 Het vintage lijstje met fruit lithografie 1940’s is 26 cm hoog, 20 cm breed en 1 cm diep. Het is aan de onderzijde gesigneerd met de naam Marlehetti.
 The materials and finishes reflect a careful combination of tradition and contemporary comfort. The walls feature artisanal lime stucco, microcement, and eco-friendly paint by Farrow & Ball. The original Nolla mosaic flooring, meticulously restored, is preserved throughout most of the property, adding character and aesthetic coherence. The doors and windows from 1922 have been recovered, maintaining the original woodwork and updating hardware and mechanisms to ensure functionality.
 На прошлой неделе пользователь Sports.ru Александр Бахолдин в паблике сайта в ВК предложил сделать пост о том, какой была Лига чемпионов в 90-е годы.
◇ ◇ ◇
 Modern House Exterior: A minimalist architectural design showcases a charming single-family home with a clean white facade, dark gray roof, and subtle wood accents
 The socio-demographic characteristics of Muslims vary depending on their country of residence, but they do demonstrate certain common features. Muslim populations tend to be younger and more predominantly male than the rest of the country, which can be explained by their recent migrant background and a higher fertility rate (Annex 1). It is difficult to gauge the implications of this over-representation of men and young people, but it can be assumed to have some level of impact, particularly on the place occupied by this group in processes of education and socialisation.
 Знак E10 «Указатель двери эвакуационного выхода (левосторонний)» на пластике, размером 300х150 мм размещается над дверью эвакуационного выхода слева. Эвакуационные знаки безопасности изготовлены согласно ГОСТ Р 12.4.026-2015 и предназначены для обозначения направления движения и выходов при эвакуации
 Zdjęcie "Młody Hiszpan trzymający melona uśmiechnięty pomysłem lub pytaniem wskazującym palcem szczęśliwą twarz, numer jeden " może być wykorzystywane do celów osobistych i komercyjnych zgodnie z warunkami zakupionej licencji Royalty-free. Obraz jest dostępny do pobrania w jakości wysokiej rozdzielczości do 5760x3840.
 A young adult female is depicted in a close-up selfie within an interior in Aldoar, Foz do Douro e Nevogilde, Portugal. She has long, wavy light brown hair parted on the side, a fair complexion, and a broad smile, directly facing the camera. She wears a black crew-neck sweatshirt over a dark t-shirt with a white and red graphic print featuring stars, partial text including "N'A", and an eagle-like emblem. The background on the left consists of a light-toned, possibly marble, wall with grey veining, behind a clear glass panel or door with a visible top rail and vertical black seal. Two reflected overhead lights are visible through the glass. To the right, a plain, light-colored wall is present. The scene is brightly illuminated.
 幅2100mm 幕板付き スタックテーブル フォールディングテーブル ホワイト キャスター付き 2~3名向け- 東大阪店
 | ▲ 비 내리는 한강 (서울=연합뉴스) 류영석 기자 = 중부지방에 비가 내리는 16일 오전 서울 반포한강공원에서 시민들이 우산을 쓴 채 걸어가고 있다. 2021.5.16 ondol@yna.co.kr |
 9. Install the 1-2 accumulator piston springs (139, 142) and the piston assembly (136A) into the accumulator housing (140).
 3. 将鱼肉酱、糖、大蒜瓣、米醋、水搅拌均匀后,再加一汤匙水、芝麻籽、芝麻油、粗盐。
◇ ◇ ◇
• _EXERCISE DIRECTIONS_: Reproduce verbatim the lines above, from the line with "9. Install the" through the line with "3. 将鱼肉酱、糖、大蒜瓣、".

• _SOLUTION_:
 9. Install the 1-2 accumulator piston springs (139, 142) and the piston assembly (136A) into the accumulator housing (140).
 3. 将鱼肉酱、糖、大蒜瓣、米醋、水搅拌均匀后,再加一汤匙水、芝麻籽、芝麻油、粗盐。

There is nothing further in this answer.